Note that this problem is referred to sometimes as the skis and skiers problem, where you have n skis and m skiers of varying lengths and heights. The goal is to match skis with skiers so that the sum of the differences between heights and ski lengths is minimized.
To solve the problem you could use minimum weight bipartite matching, which requires O(n^3) time.
Even better, you can achieve O(n^2) time with O(n) extra memory using the simple dynamic programming algorithm below.
Optimally, you can solve the problem in linear time if the points are already sorted using the algorithm described in this paper.
O(n^2) dynamic programming algorithm:
if (size(B) > size(A))
swap(A, B);
sort(A);
sort(B);
opt = array(size(B));
nopt = array(size(B));
for (i = 0; i < size(B); i++)
opt[i] = abs(A[0] - B[i]);
for (i = 1; i < size(A); i++) {
fill(nopt, infinity);
for (j = 1; j < size(B); j++) {
nopt[j] = min(nopt[j - 1], opt[j - 1] + abs(A[i] - B[j]));
swap(opt, nopt);
}
return opt[size(B) - 1];
After each iteration i of the outer for loop above, opt[j] contains the optimal solution matching {A[0],..., A[i]} using the elements {B[0],..., B[j]}.
The correctness of this algorithm relies on the fact that in any optimal matching if a1 is matched with b1, a2 is matched with b2, and a1 < a2, then b1 <= b2.

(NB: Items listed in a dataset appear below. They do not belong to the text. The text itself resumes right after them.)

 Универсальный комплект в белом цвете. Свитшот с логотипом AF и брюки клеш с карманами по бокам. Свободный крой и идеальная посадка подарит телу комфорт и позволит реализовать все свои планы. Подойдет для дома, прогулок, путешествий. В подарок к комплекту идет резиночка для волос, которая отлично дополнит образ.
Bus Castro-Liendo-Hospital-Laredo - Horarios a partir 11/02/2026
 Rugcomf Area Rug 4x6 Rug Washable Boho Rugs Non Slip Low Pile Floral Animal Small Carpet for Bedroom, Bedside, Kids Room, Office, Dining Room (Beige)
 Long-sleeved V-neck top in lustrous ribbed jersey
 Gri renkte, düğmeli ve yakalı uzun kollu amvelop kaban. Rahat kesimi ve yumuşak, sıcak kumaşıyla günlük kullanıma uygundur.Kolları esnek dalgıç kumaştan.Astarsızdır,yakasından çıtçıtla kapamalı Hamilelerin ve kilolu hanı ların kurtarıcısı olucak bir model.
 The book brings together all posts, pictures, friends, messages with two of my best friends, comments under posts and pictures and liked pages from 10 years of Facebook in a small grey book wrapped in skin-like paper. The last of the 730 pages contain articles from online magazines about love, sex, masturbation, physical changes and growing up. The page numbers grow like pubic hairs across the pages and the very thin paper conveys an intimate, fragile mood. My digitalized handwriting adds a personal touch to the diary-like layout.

In order to get the optimum, solve the assignment problem on D.
The assignment problem finds a perfect matching in a bipartite graph such that the total edge weight is minimized, which maps perfectly to your problem. It is also in P.
EDIT to explain how OP's problem maps onto assignment.

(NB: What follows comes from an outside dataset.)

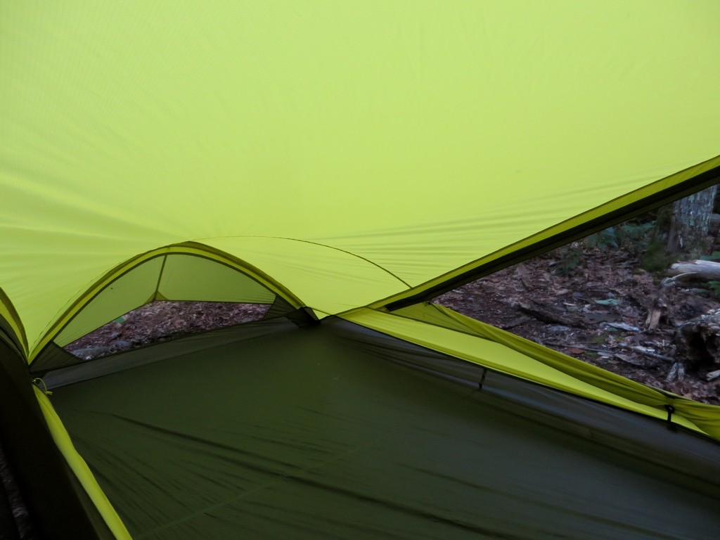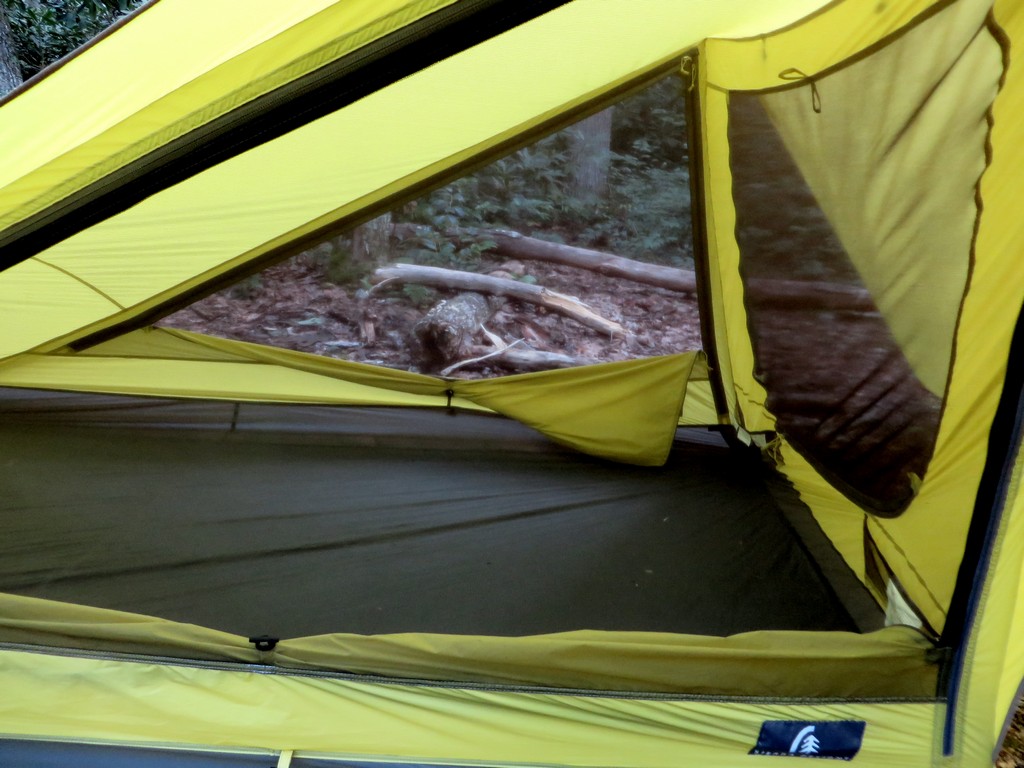 Livability with the Tensegrity 2 is fantastic. The beyond vertical walls, abnormally wide floor, and generously long floor plan provides ample shoulder and elbow room, saving marriages and bromances alike. I always had plenty of room to sprawl out during foul weather and roll about on sleepless nights without bumping into my companion. While inside, I always felt like I was living in a tiny palace instead of surviving in a plastic box. Moving in and out of the shelter proved to be some of the easiest I’ve ever experienced, due to the long drop doors that nearly matched the length of my body. I could simply swing my legs out, lace up and roll out. Accessing gear from inside is as simple as unzipping the third door, located just above the head of the tent. Reaching for gear during rainstorms provided easy access, while not getting in the way of my entry or exit when I was ready to leave. The large windows can be left open during most rain storms (always at least one door can be left open, even with sideways rain depending on the direction, and usually both) which infinitely enhances my enjoy-ability of being inside the tent during a storm.

For simplicity of explanation, extend the smaller set with special elements e_k.
Let A be the set of workers, and B be the set of tasks (the contents are just labels).
Let the cost be the distance between an element in A and B (i.e. an entry of D). The distance between e_k and anything is 0.
Then, we want to find a perfect matching of A and B (i.e. every worker is matched with a task), such that the cost is minimized. This is the assignment problem.
No It's not a best answer, for example:
A: {3,7} and B:{0,4} you will choose: {(3,4),(0,7)} and distance is 8 but you should choose {(3,0),(4,7)} in this case distance is 6.
Your answer gives a good approximation to the minimum, but not necessarily the best minimum. You are following a "greedy" approach which is generally much easier, and gives good results, but can not guarantee the best answer.